* _Problem details_: Please retype the data below exactly, stopping after the line with "12. Quinoa &" and skipping every picture.

Data records
Start of Block

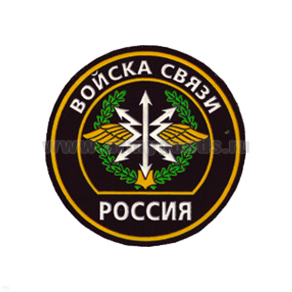 Шеврон пластизолевый Россия Войска связи (кругл. с эмбл. и надп.)
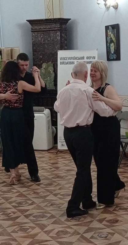 — На вокзалі нас зустріли волонтери і друзі з танго-спільноти — вони запропонували помешкання, куди одразу й відвезли. Ми не брали зі собою багато речей, бо сподівалися за кілька місяців повернутися. Я дуже вдячна Володимирові — чоловікові з танго-спільноти, який упродовж трьох років здавав нам квартиру. Він розумів мою ситуацію, бо сам доглядав хвору матір. Так ми у двокімнатній квартирі разом піклувалися про лежачих батьків. Члени спільноти допомогли грошима, поки я переводила справу батька з Краматорська до Львова. Процедура тривала три місяці. Я щиро молила Всевишнього, щоб тільки не влучило в архів — тоді все було б втрачено. На щастя, молитви були почуті: мені вдалося оформити пенсію з догляду за батьком і отримати допомогу для біженців. Це були невеликі кошти, але саме вони допомагали нам виживати. У 2018 році батько помер. Він так і не зміг повернутися до Краматорська, і навіть місце його вічного спочинку виявилося далеко від дому…
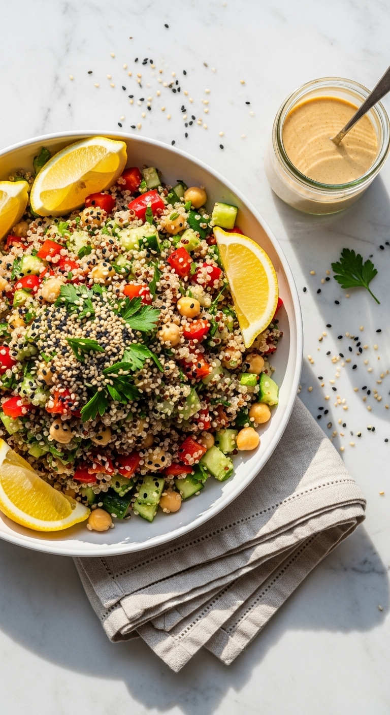12. Quinoa & Edamame Protein Salad with Lemon Tahini Dressing
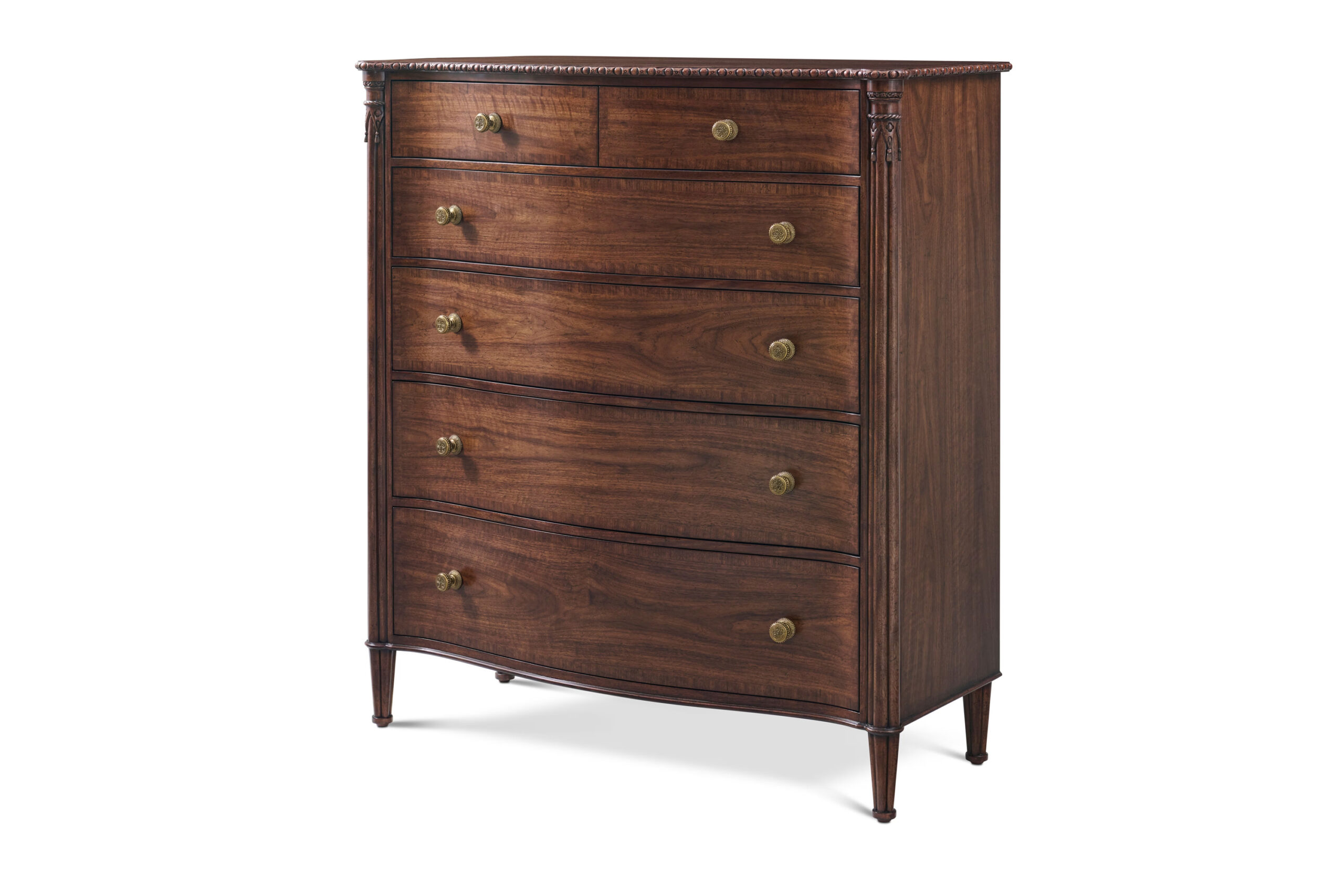 A chest of drawers featuring a six-drawer configuration within a figured walnut frame and case. The drawer layout consists of multiple stacked drawers arranged vertically, each fitted with brass drawer pulls that provide consistent hardware across the front. The case and legs are framed with carved detailing, introducing ornamentation along the edges and structural elements of the piece. Inlay accents are integrated into the design, contributing additional surface detail across the drawer fronts and surrounding framework. The figured walnut construction presents natural variation in the grain, while the carved elements define the overall profile of the chest. The piece is supported by integrated legs that continue the carved motif.
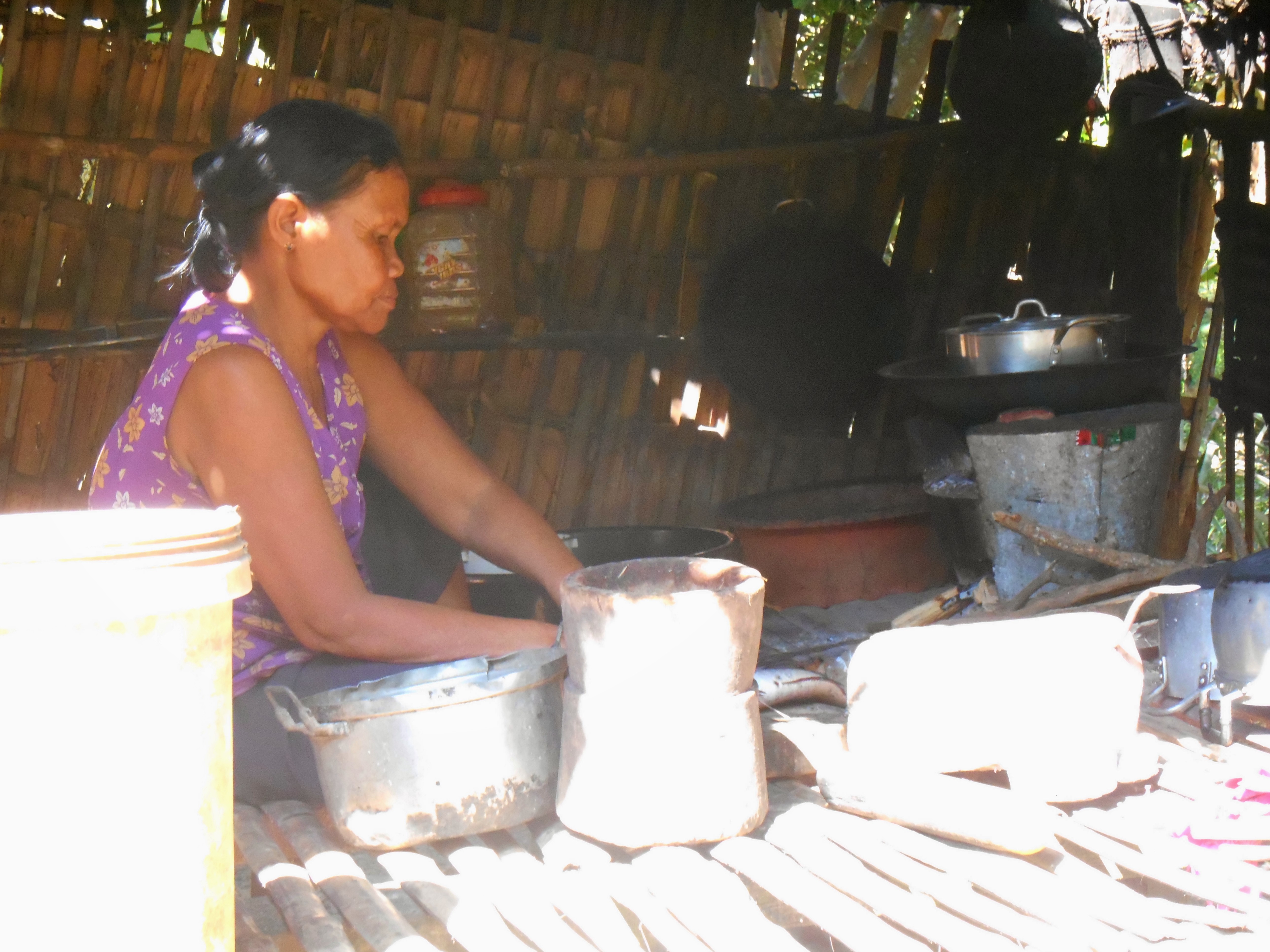 Snack break in the village. Bananas wrapped in sticky rice and grilled in their own little banana leaf packages. Delicious!
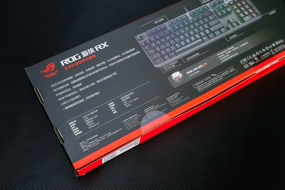 首先,包装风格还是大家非常熟悉的ROG外设家族特色,无论是炫酷的霓虹“败家之眼”LOGO装饰底纹,还是键盘写真上的标识以及盒子左上角的LOGO,单单一个正面就给足了品牌亮相,简直能满足信仰粉的小心思。当然,这把键盘的特色卖点自然是不可或缺的进行了标识,包括采用线性&快速的光学红轴,支持IP56级防水防尘,以及支持Aura Sync“神光同步”灯效等。而包装盒背面则将键盘的参数、卖点和一些细节设计阐述得更为细致,这里就不展开累述了。
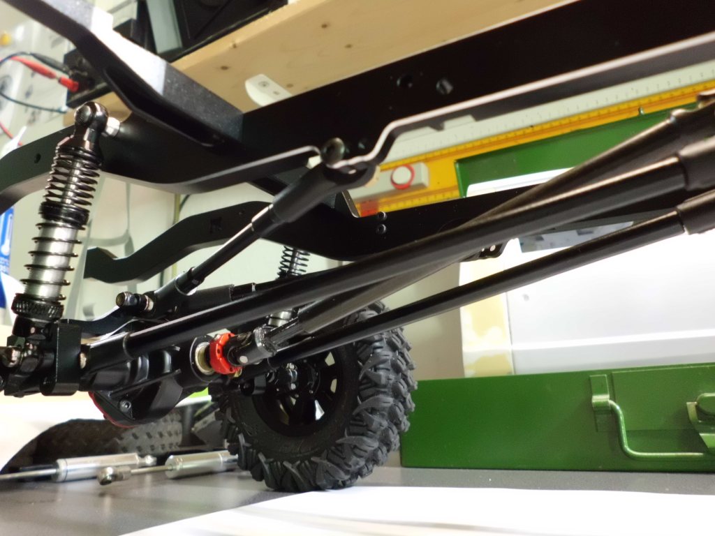 Die fertig montierte und gedrehte Hinterachse in der neuen Einbaulage.

End of Block

* _Solution for this task_:
 Шеврон пластизолевый Россия Войска связи (кругл. с эмбл. и надп.)
 — На вокзалі нас зустріли волонтери і друзі з танго-спільноти — вони запропонували помешкання, куди одразу й відвезли. Ми не брали зі собою багато речей, бо сподівалися за кілька місяців повернутися. Я дуже вдячна Володимирові — чоловікові з танго-спільноти, який упродовж трьох років здавав нам квартиру. Він розумів мою ситуацію, бо сам доглядав хвору матір. Так ми у двокімнатній квартирі разом піклувалися про лежачих батьків. Члени спільноти допомогли грошима, поки я переводила справу батька з Краматорська до Львова. Процедура тривала три місяці. Я щиро молила Всевишнього, щоб тільки не влучило в архів — тоді все було б втрачено. На щастя, молитви були почуті: мені вдалося оформити пенсію з догляду за батьком і отримати допомогу для біженців. Це були невеликі кошти, але саме вони допомагали нам виживати. У 2018 році батько помер. Він так і не зміг повернутися до Краматорська, і навіть місце його вічного спочинку виявилося далеко від дому…
12. Quinoa & Edamame Protein Salad with Lemon Tahini Dressing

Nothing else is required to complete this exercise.